Вот и вечер. Она взволнованно выбегает из комнаты, не зная, жив ли Дитрих. В памяти пробелы, но она точно знает, что причинила ему боль.

Он лежит на матрасе. Грубо замотанная лоскутами рубахи, рана на плече гноится. Лоб юноши обжигает ладонь — горячий, как огонь.

«С ним одни проблемы», — твердит внутренний голос, но девушка отмахивается от него, как от назойливой мухи, готовит травяной отвар, про который узнала из книги, прикладывает ко лбу Дитриха холодную тряпку с отваром. Вина за содеянное терзает её до боли.

Она нарушила главное правило: вкусила человеческой крови. Решение, как поступить дальше, приходит легко.

Как только лихорадка Дитриха спадает, девушка посылает ему мысленный образ себя настоящей, такой, какую видела в озере. Дитрих кричит, сжимается в крохотный комочек, шепчет, что не верит, что всё сон.

Забавно, что, когда он узрел истину, её магия теряет над ним силу. Её голос для него больше не мягкий и ласковый, а жёсткий и грубый звериный рык, но всё же её слова юноша понимает.

Дитрих избегает встреч с ней и, поди, теперь рад, что она охотится по ночам, оставляя его в одиночестве. Еду для него девушка бросает на пол и тут же уходит, запираясь на втором этаже. Всё уже решено: как только Дитрих окрепнет, она отведёт его в ближайшее поселение.
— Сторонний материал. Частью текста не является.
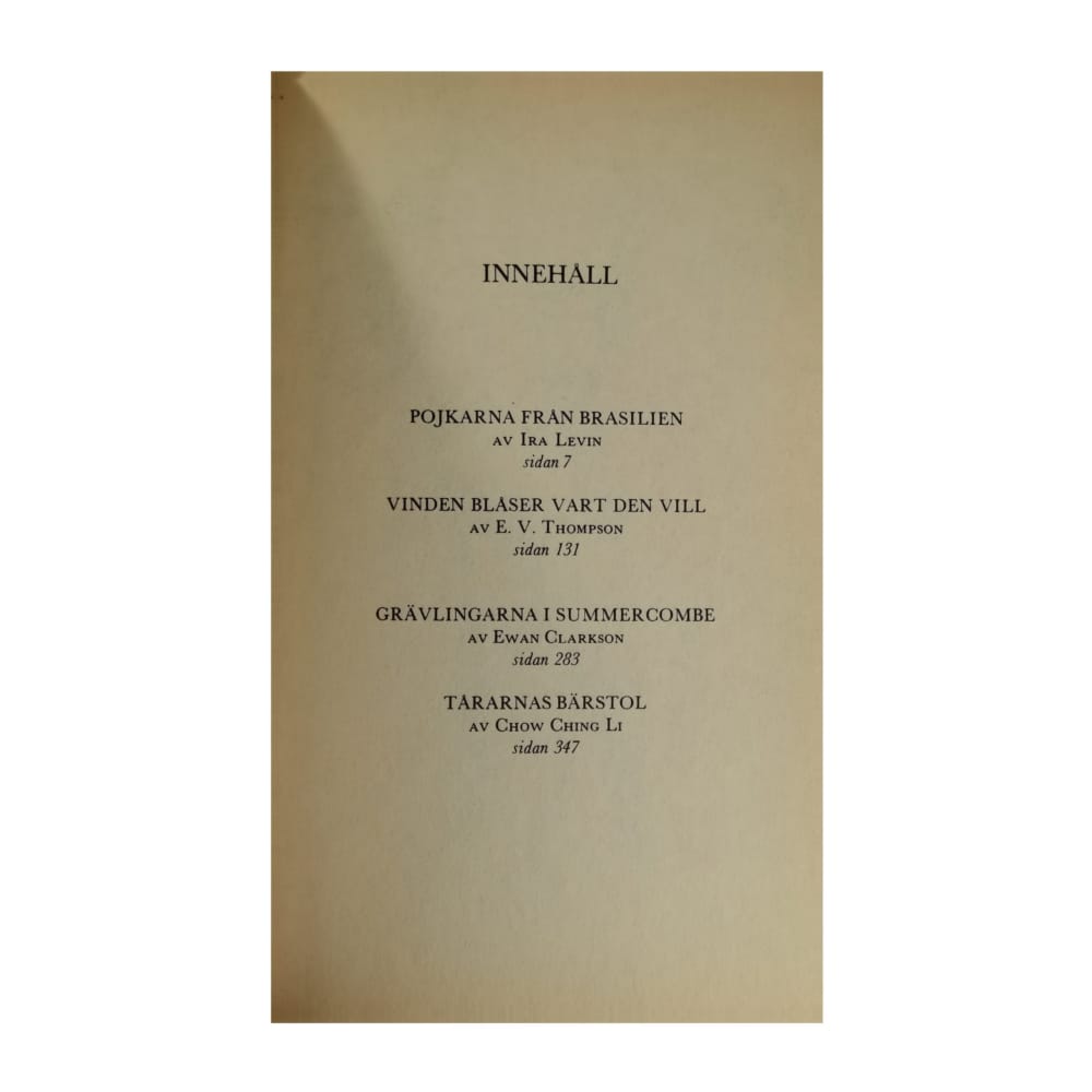 1- Ira Levin: Pojkarna Från Brasilien + 2- E.V. Thompson: Vinden Blåser Vart Den Vill + 3- Ewan Clarkson: Grävlingarna I Summercombe + 4- Chow Ching Li: Tararnas Bärstol

И через пару дней девушка берёт с собой запас еды и воды, из толстого сука мастерит посох для него, намазывается пахучей мазью, чтобы уберечься от солнца, и выдвигается в путь дорогу.

Идти долго, ведь её башня скрывается в чаще непроходимого леса, на поляне. Вокруг рыскают по своим охотничьим тропам дикие звери, а деревья так густо переплелись сучьями и кронами, что вокруг средь бела дня царит сумрак.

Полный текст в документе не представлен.